Start of SOURCE DATA

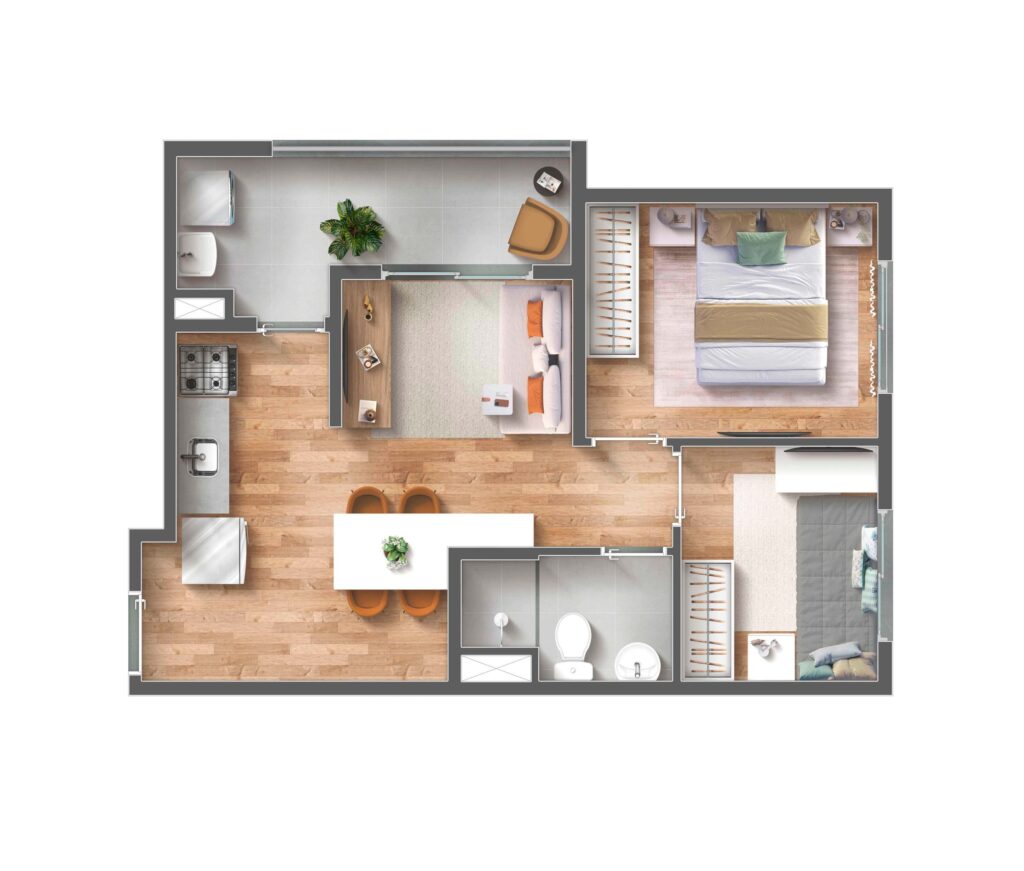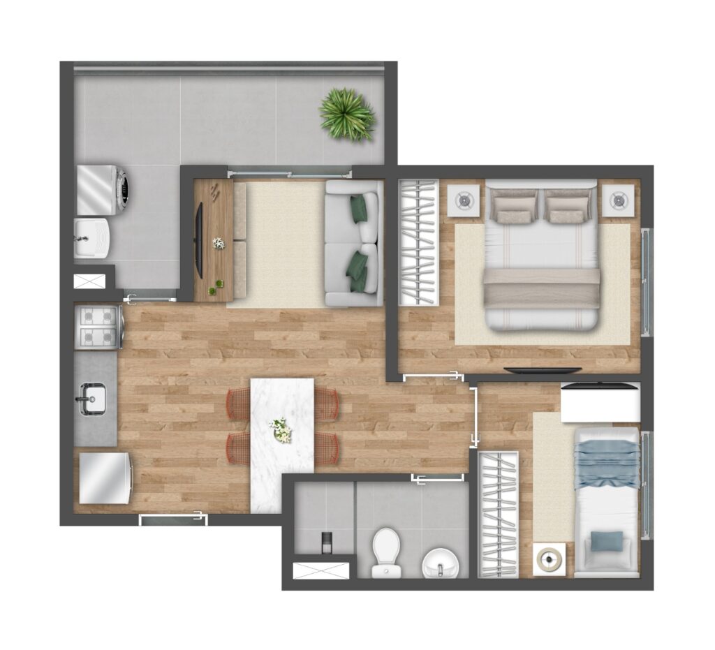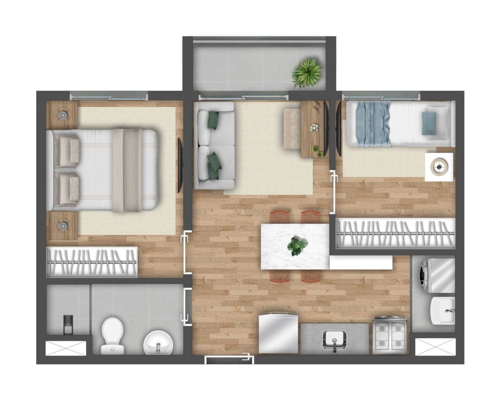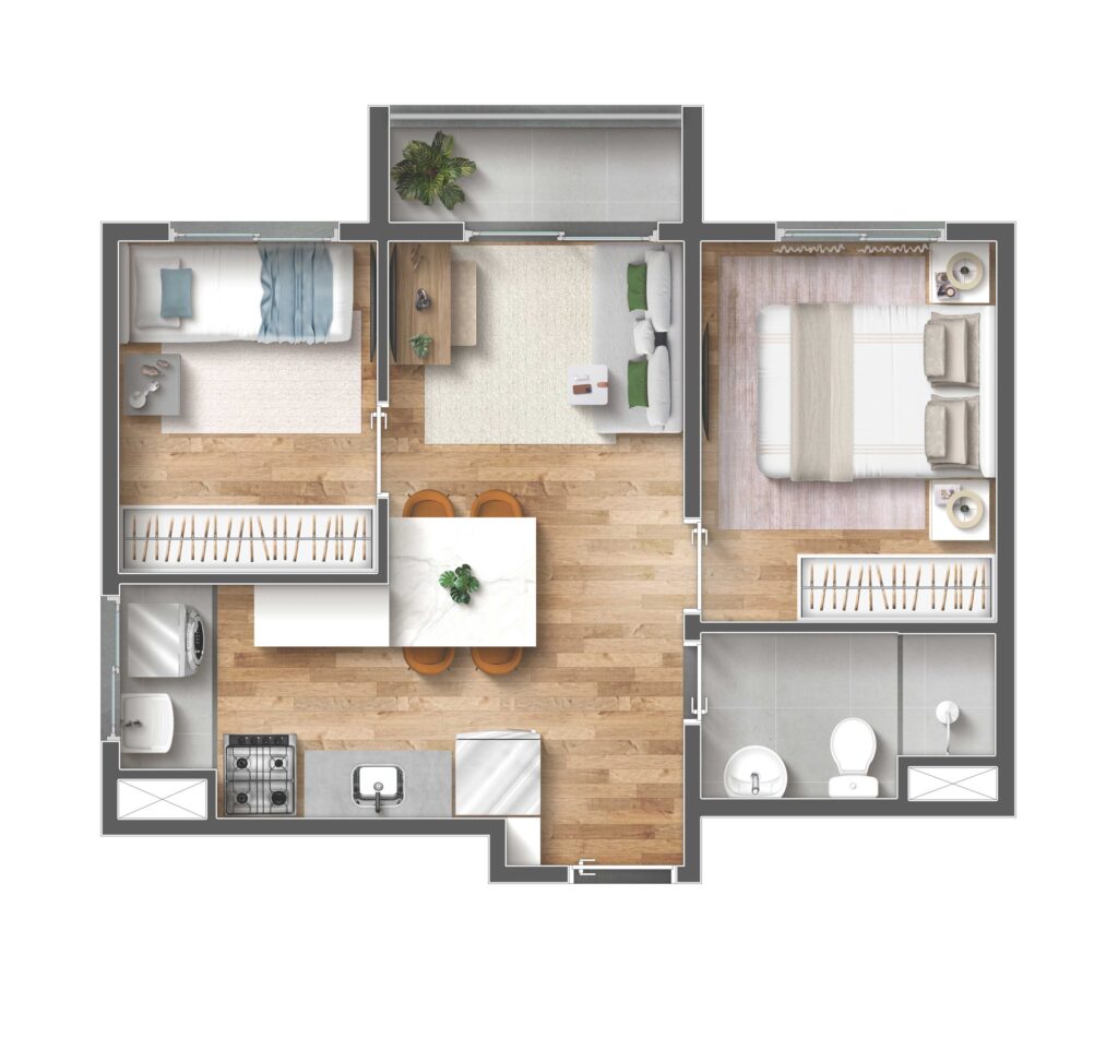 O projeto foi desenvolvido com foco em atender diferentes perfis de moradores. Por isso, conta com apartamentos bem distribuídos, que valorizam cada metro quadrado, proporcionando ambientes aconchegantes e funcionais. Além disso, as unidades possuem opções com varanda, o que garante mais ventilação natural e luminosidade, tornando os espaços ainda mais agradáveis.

End of SOURCE DATA
Start of SOURCE DATA

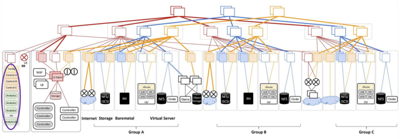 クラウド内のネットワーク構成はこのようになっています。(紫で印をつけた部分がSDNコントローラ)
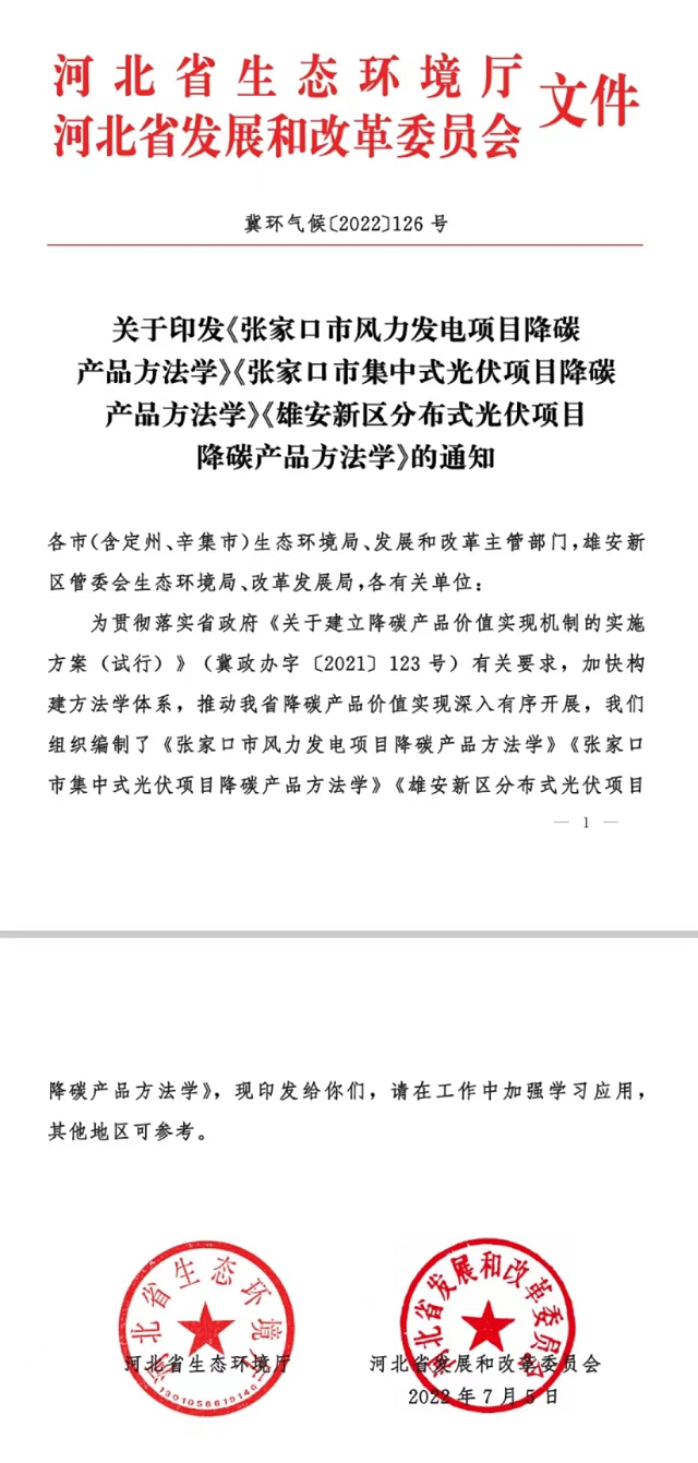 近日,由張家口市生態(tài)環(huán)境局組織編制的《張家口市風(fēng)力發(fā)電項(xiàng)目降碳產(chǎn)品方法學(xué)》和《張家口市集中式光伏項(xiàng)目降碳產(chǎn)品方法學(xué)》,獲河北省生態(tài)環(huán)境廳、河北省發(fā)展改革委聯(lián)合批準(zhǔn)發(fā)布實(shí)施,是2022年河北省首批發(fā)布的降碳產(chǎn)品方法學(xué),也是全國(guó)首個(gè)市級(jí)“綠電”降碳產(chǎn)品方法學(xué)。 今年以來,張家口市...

End of SOURCE DATA

--- ASSIGNMENT ---
In the data above, the stretch from the line with "クラウド内のネットワーク構成" through the line with "近日,由張家口市生態(tài" is to be returned exactly, minus any pictures.

--- SOLVED PROBLEM ---
 クラウド内のネットワーク構成はこのようになっています。(紫で印をつけた部分がSDNコントローラ)
 近日,由張家口市生態(tài)環(huán)境局組織編制的《張家口市風(fēng)力發(fā)電項(xiàng)目降碳產(chǎn)品方法學(xué)》和《張家口市集中式光伏項(xiàng)目降碳產(chǎn)品方法學(xué)》,獲河北省生態(tài)環(huán)境廳、河北省發(fā)展改革委聯(lián)合批準(zhǔn)發(fā)布實(shí)施,是2022年河北省首批發(fā)布的降碳產(chǎn)品方法學(xué),也是全國(guó)首個(gè)市級(jí)“綠電”降碳產(chǎn)品方法學(xué)。 今年以來,張家口市...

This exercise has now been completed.